当然ながら原因が原因だけに父親は親権を剥奪され、今は一時的ながら保健所預かりになっている。
「千代田ちゃん、立ち直れるかしら」
ぽつりと、律華さんが漏らす。
彼女は父親との繋がりが、精神的に切れてしまった。もう二度と昔のようにあの男を父と呼ぶ気にはならないだろう。残されたのは自分の身体と血縁の繋がった死に体の男に僅かな財産。
祖父母は既に亡くなっているらしく、おじおばもいない。そして父親は余命いくばく。
彼女は既に事実上の天涯孤独だった。
これから彼女は人生で最も大切な時期に、誰一人として身寄りがいないまま過ごさなければいけない。学校でのいじめも、きっと無くならないままだろう。一時的に声をかけづらくなっても、数か月もすればみな忘れるものだ。
だが。
「立ち直ろうが立ち直るまいが、俺は一緒にいてあげようと思います」
「真人くん……」
律華さんははっとした顔で俯いた顔を上げた。
千代田はどうなっても一緒にいると俺に約束した。

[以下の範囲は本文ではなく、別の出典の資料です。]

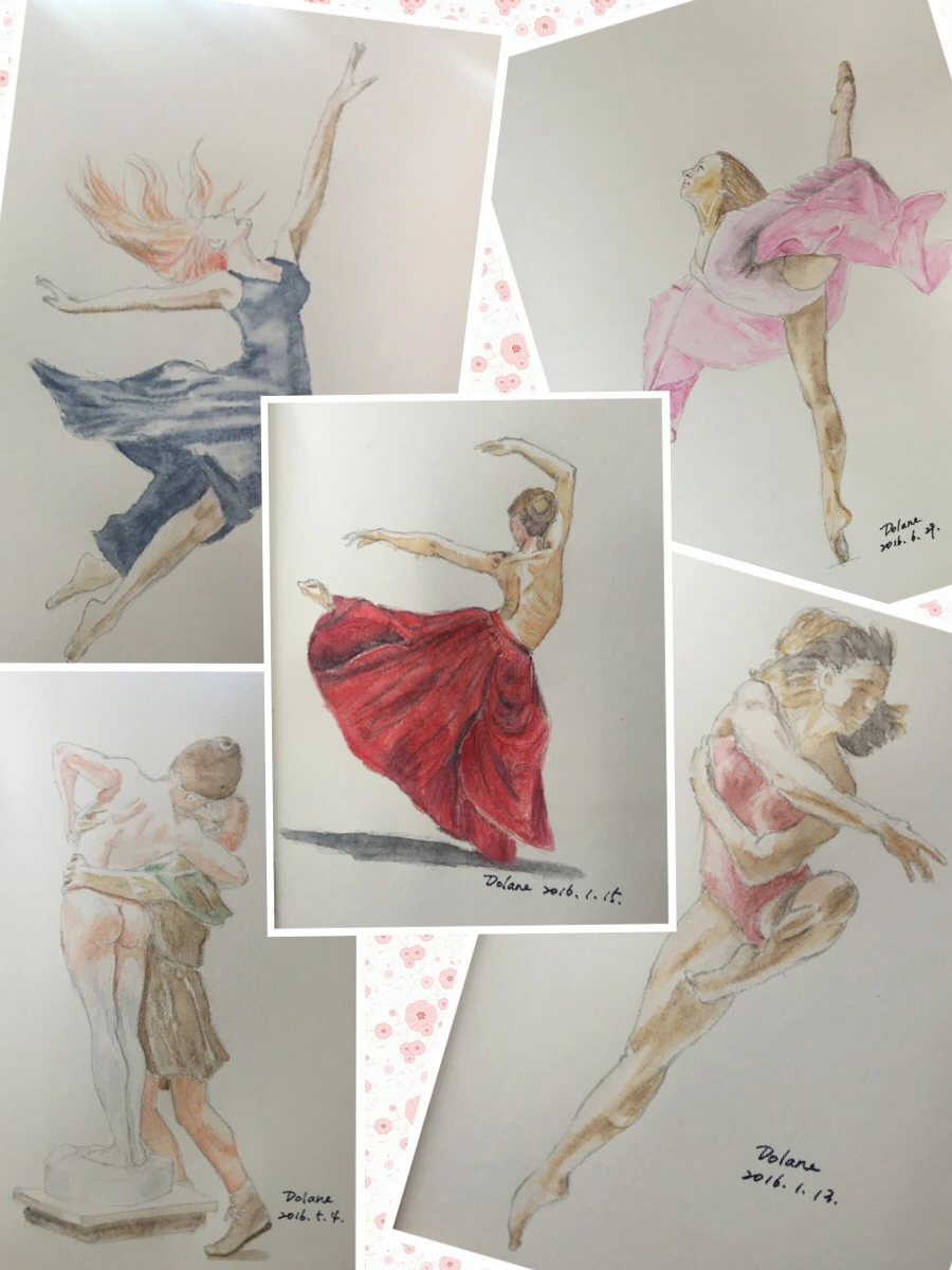 도구를 수채물감으로 바꾸고 정물화나 인물 초상화, 풍경화도 그리고 있지만, 무용수를 그릴 때 제일 신난다. 아예 댄서 시리즈로 컬러링 북도 제작했는데 고맙게도 온라인 독립출판물로 출간되었다.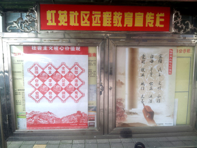 为了使社会主义核心价值观宣传教育走进群众、为人所知,近日,虹苑社区利用小区宣传橱窗、电子屏等媒介在辖区宣传弘扬社会主义核心价值观的基本内容,张贴社会主义核心价值观公益广告37幅,让社会主义核心价值观更加深入人心。此外,社区党委结合群众路线教育实践活动,组织党员开展学习社会主义核心价值观内涵的专题交流会,要求党员发挥模范带头作用,营造和谐、文明的社区氛围。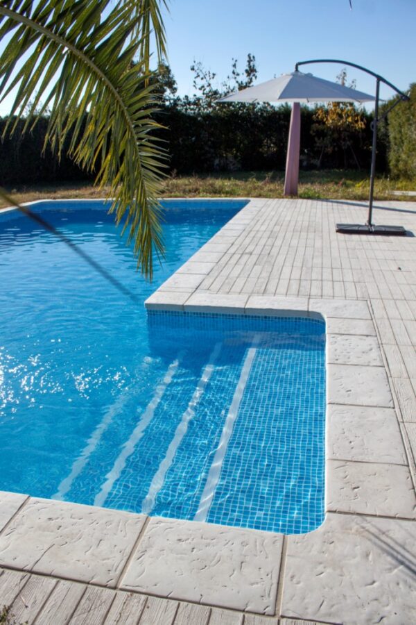Las escaleras de piscina son un equipamiento indispensable. Permiten tanto un acceso cómodo a la piscina en particular para las personas mayores y/o para los niños. Crean sensación de seguridad y evitan el choque térmico al entrar mas despacio en el agua que con una escalera de acero tradicional. Permiten sentarse en el agua y  tumbarse en las escaleras con bancos. También se pueden adaptar impulsores de balneoterapia de tipo aire/agua con blower así como lanzaderas para recibir masajes en una posición relajante y segura. Por fin se podrán equipar también con luces de colores para así poder beneficiarse de los influjos de la cromoterapia.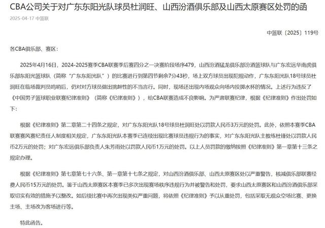 罚款官方公告:杜润旺挑衅罚款3万,杜锋朱芳雨连同罚款,山西罚款15万。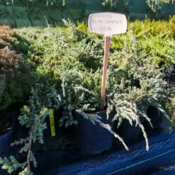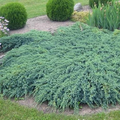 W odróżnieniu od innych odmian jałowców łuskowatych jest to szybko rosnący krzew iglasty o gęstym, płożącym pokroju. Po 10 latach osiąga do 0,5m wysokości i nawet 3 m średnicy. Gęsto ułożone pędy pokryte są kłującymi, krótkimi, intensywnie niebiskimi igłami. Roślina jest dość ekspansywna- mocno rozrasta się na boki. Stare pędy są sztywne, a młode bardziej wiotkie, przewieszające się na końcach. Jest to roślina zimozielona.

その代り、困った時に助けてほしいと。
「あいつが嫌だと言って俺を拒絶するなら、俺は殻に籠ったあいつの近くにいて、殻の外に引きずり出してやる……あいつがそうやったように」
やられっぱなしは性に合わない。好きになって欲しいとまで言ってきて、結局はそれに応えたんだ。中途半端で見捨てる気などない。子供っぽいけれど、きっとそれが大事な事なんだと俺は思う。
「そう。そうよね……よし!私もそれに付き合うわよ!」
「本当にあなたはお人好しというか………」
沈んだ顔から一転やる気を出した律華さんに苦笑いしながら、俺は外を眺めた。
今日の空は、晴天だ。
それはまるで天がすべての泥を流しきった気でいるかのよう。
その青天井が彼女の悲しみには目もくれていないのだろうと思うと、それが少しだけ腹立たしいのだ。
= =
一方、悲しみを拭いきれていない少女の病室に、ぱぁん、と鋭い音が響き渡った。